**TASK TO CARRY OUT:**
Restate word for word the lines below from the one that has "9.7畳 、 洋室 5.2畳 |" through the one that has "分析如圖 5 ~ 圖 7", keeping both and dropping all pictures.
DATASET RECORDS section start
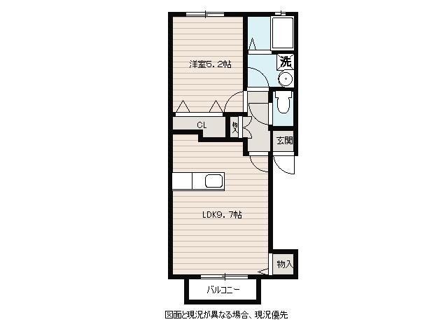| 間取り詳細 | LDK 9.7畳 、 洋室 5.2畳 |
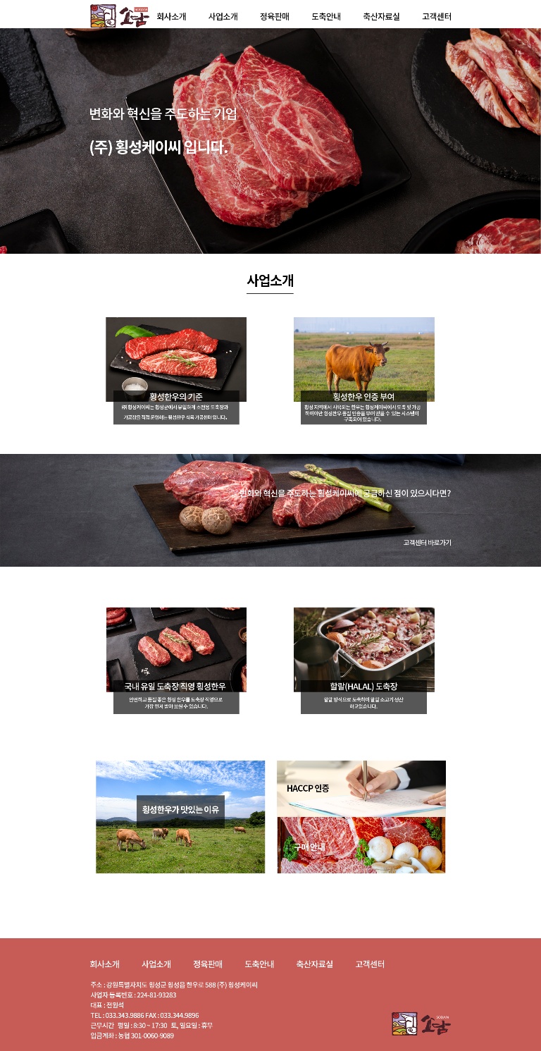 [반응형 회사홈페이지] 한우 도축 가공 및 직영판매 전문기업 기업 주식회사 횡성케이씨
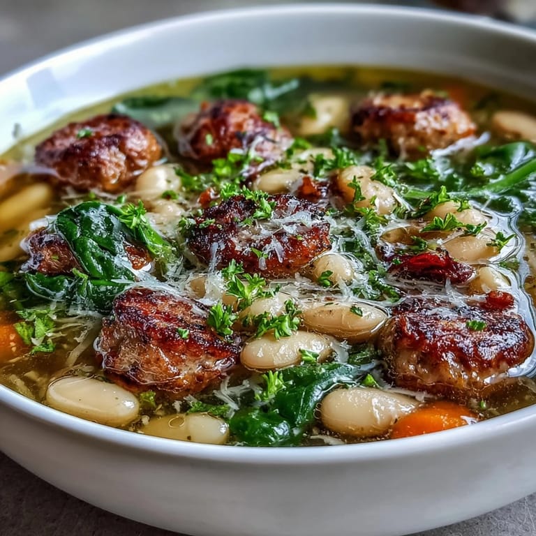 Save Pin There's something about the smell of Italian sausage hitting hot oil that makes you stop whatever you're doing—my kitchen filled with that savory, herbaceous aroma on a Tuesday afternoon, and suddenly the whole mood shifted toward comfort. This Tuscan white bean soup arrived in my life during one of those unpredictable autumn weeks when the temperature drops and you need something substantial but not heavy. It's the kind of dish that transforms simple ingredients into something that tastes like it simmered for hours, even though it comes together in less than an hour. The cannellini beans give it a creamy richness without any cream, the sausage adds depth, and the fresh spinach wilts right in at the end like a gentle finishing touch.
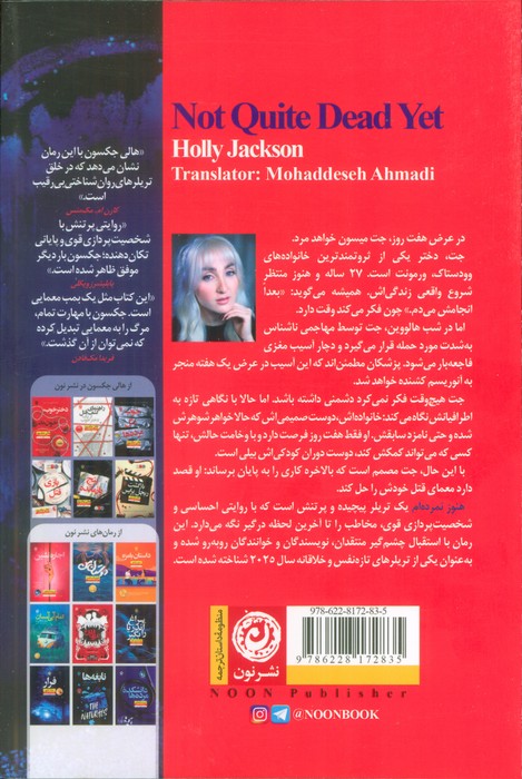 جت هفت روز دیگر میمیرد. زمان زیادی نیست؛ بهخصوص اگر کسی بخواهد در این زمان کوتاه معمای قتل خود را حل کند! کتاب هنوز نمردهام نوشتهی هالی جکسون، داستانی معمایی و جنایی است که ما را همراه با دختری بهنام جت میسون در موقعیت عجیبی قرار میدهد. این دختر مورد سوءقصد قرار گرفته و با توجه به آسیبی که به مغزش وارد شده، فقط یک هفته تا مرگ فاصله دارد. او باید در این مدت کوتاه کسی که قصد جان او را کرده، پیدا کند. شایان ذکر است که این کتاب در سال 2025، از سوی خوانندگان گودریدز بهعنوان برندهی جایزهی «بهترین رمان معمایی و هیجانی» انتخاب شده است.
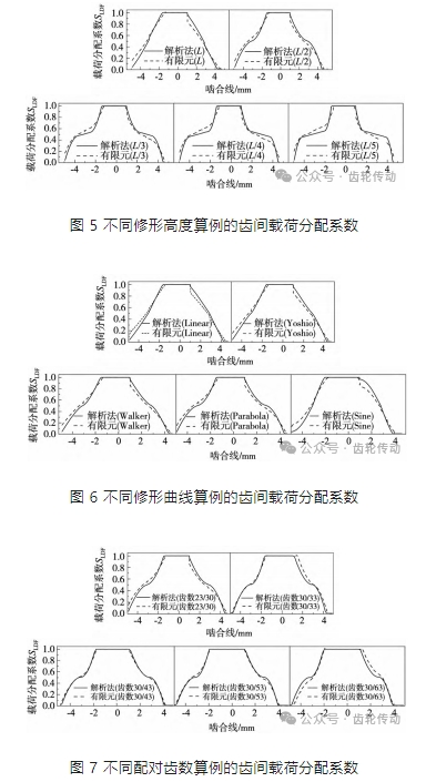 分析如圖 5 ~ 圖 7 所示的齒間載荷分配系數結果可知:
DATASET RECORDS section end
DATASET RECORDS section start
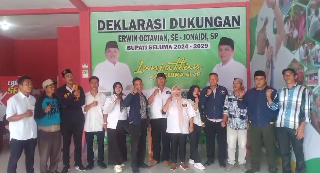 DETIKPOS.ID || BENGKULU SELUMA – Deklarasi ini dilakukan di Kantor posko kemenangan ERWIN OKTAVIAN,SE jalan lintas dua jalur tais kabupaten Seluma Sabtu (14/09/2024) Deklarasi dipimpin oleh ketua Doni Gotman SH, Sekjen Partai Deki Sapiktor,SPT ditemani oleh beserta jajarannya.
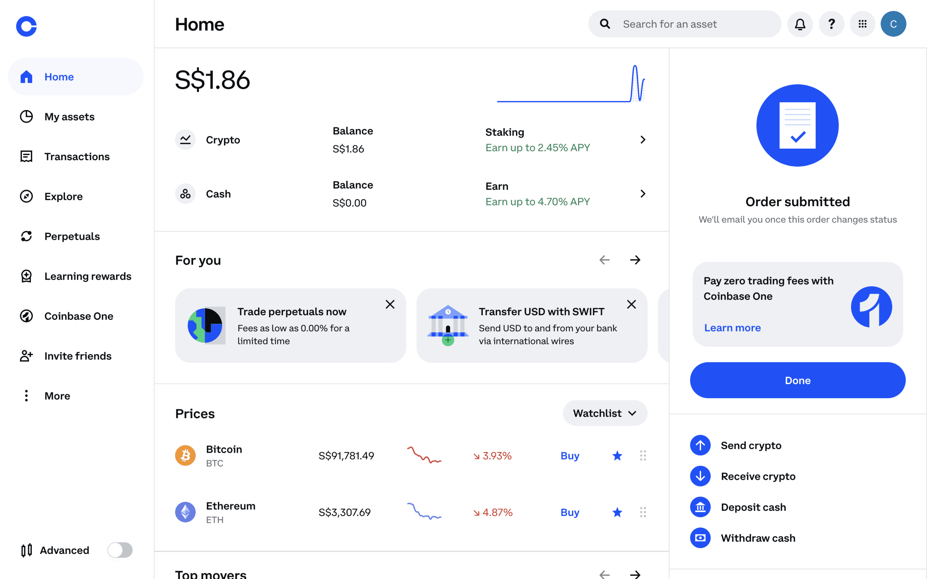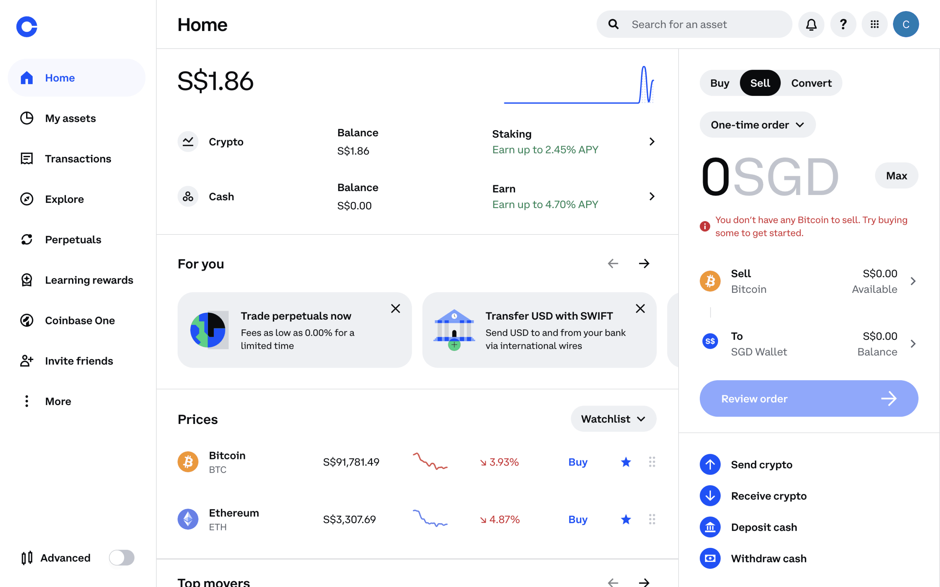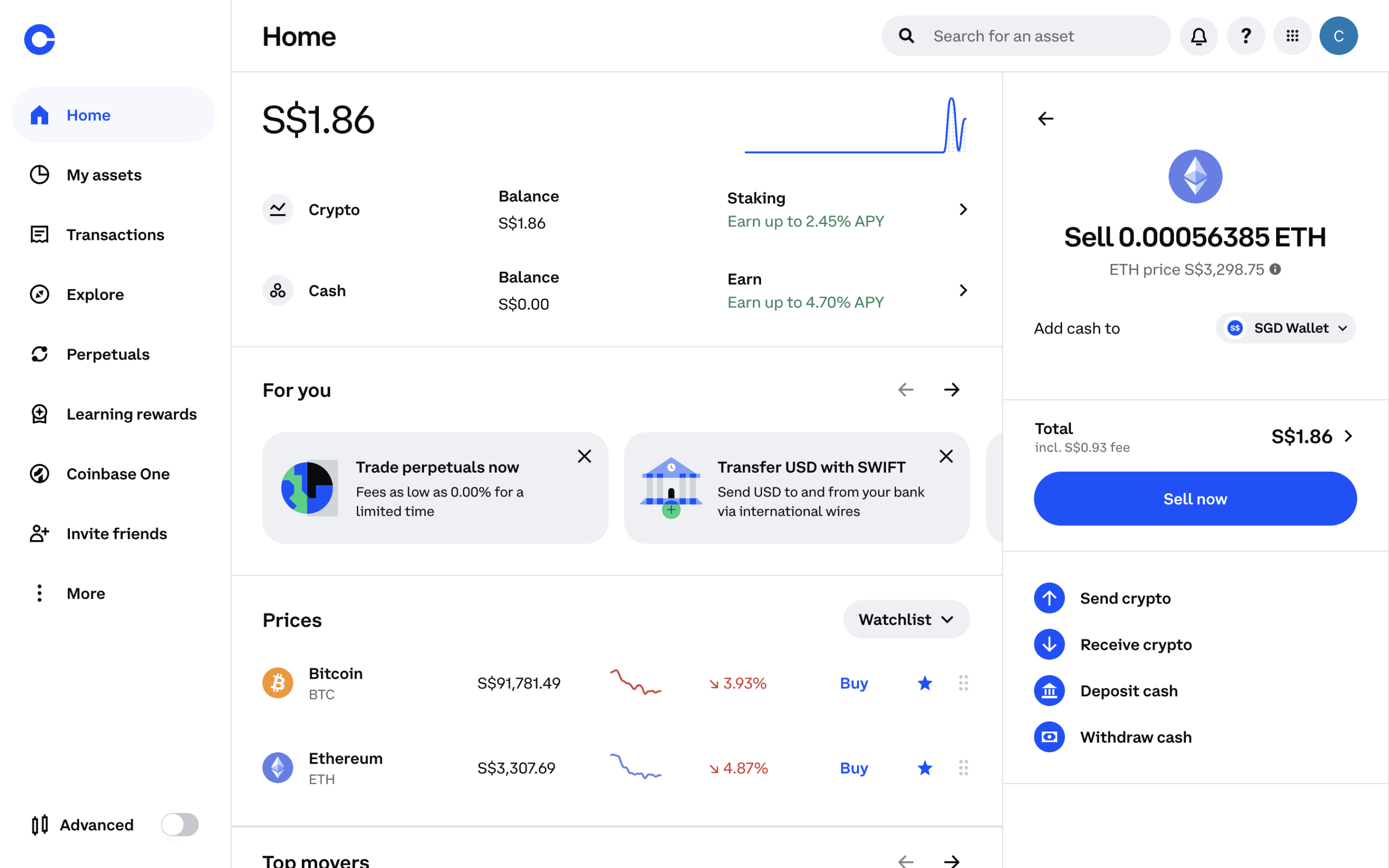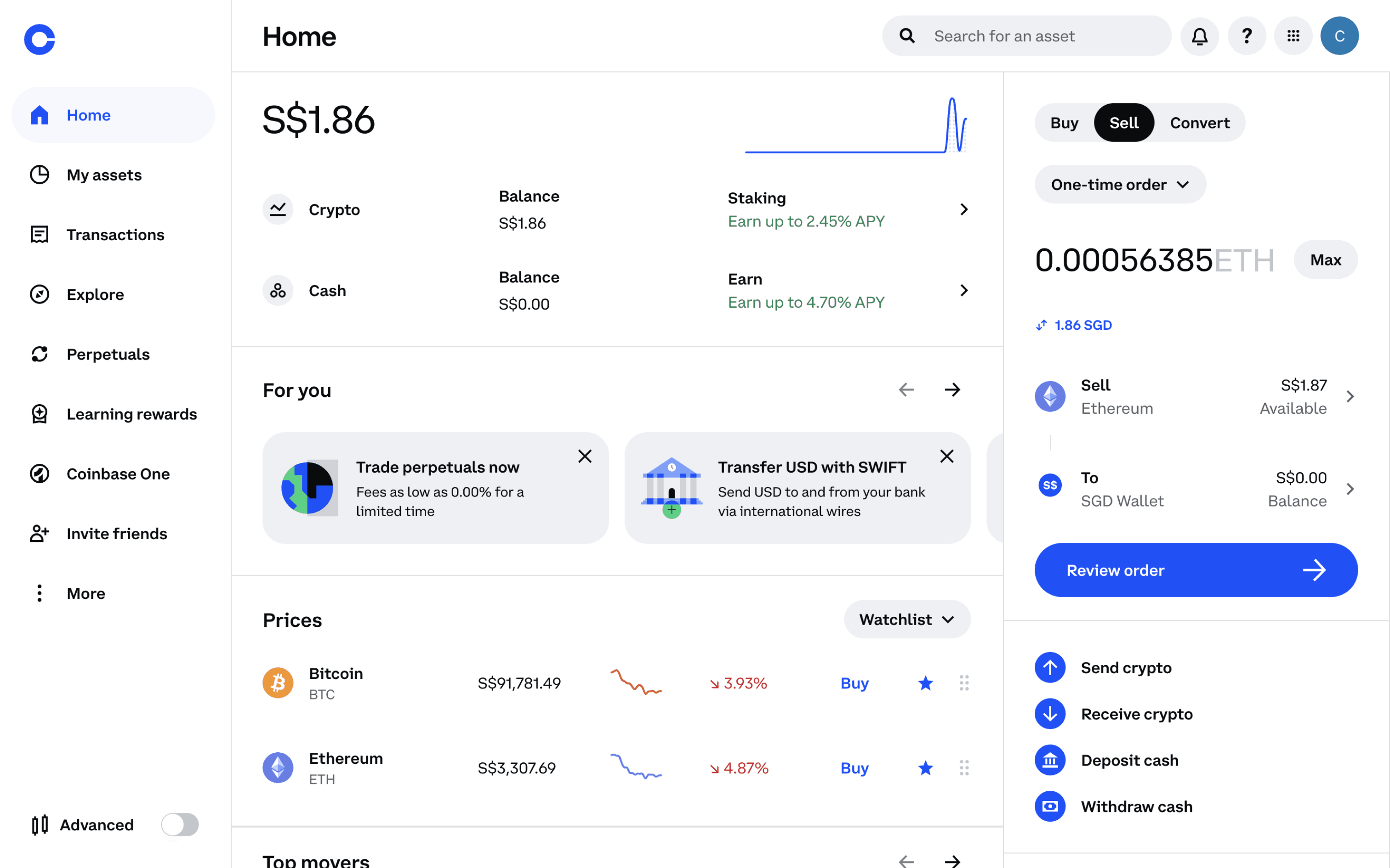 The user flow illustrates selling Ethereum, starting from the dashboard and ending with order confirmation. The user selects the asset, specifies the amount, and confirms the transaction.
DATASET RECORDS section end
**EXERCISE RESULT:**
| 間取り詳細 | LDK 9.7畳 、 洋室 5.2畳 |
 [반응형 회사홈페이지] 한우 도축 가공 및 직영판매 전문기업 기업 주식회사 횡성케이씨
 Save Pin There's something about the smell of Italian sausage hitting hot oil that makes you stop whatever you're doing—my kitchen filled with that savory, herbaceous aroma on a Tuesday afternoon, and suddenly the whole mood shifted toward comfort. This Tuscan white bean soup arrived in my life during one of those unpredictable autumn weeks when the temperature drops and you need something substantial but not heavy. It's the kind of dish that transforms simple ingredients into something that tastes like it simmered for hours, even though it comes together in less than an hour. The cannellini beans give it a creamy richness without any cream, the sausage adds depth, and the fresh spinach wilts right in at the end like a gentle finishing touch.
 جت هفت روز دیگر میمیرد. زمان زیادی نیست؛ بهخصوص اگر کسی بخواهد در این زمان کوتاه معمای قتل خود را حل کند! کتاب هنوز نمردهام نوشتهی هالی جکسون، داستانی معمایی و جنایی است که ما را همراه با دختری بهنام جت میسون در موقعیت عجیبی قرار میدهد. این دختر مورد سوءقصد قرار گرفته و با توجه به آسیبی که به مغزش وارد شده، فقط یک هفته تا مرگ فاصله دارد. او باید در این مدت کوتاه کسی که قصد جان او را کرده، پیدا کند. شایان ذکر است که این کتاب در سال 2025، از سوی خوانندگان گودریدز بهعنوان برندهی جایزهی «بهترین رمان معمایی و هیجانی» انتخاب شده است.
 分析如圖 5 ~ 圖 7 所示的齒間載荷分配系數結果可知:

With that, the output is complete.